FUELING THE
FUTURE AUTOMAKERS AND CONSUMERS
WEIGH ALTERNATIVE FUEL OPTIONS
BY SCOTT SOWERS, AIADA CONTRIBUTING EDITOR
W alking through an auto show reveals where
auto manufacturers are placing their bets on
what the public will buy and where the future
of vehicles is taking all of us. A good example
of this is Toyota’s FCV Plus, which was officially
unveiled at the Tokyo Motor Show in late October of 2015. It remains
among the most conceptual of the concept cars and is still turning
heads two years later.
The car is powered by a hydrogen fuel cell and can export any
extra electricity it generates to the power grid. At its unveiling,
Project Manager Takeo Moriai of Toyota said, “We imagined what
a hydrogen-based society might look like in the fairly near future,
and decided to design a car that could be useful beyond mobility.”

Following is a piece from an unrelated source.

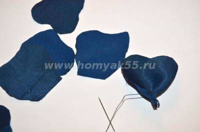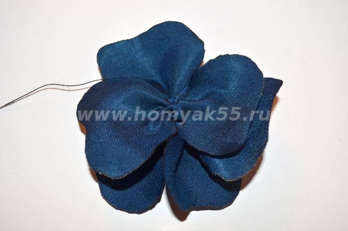 4.Кпервому лепестку пришиваем присобранный второй, также как это показано на фото ниже.

Honda has been tinkering with a similar concept at its ”Honda
Smart Home” in Davis, California, where a house equipped with pho-
tovoltaic panels on the roof provides enough juice to run the house
and charge a small fleet of Honda electric vehicles in the garage.
Ryan Harty, Environmental Business Development Manager for
Honda said, “For us, the Smart Home is very much about energy
management in designing a home that needs as little energy as pos-
sible and integrating the transportation with the home in a way that
is fundamentally a good use of energy.”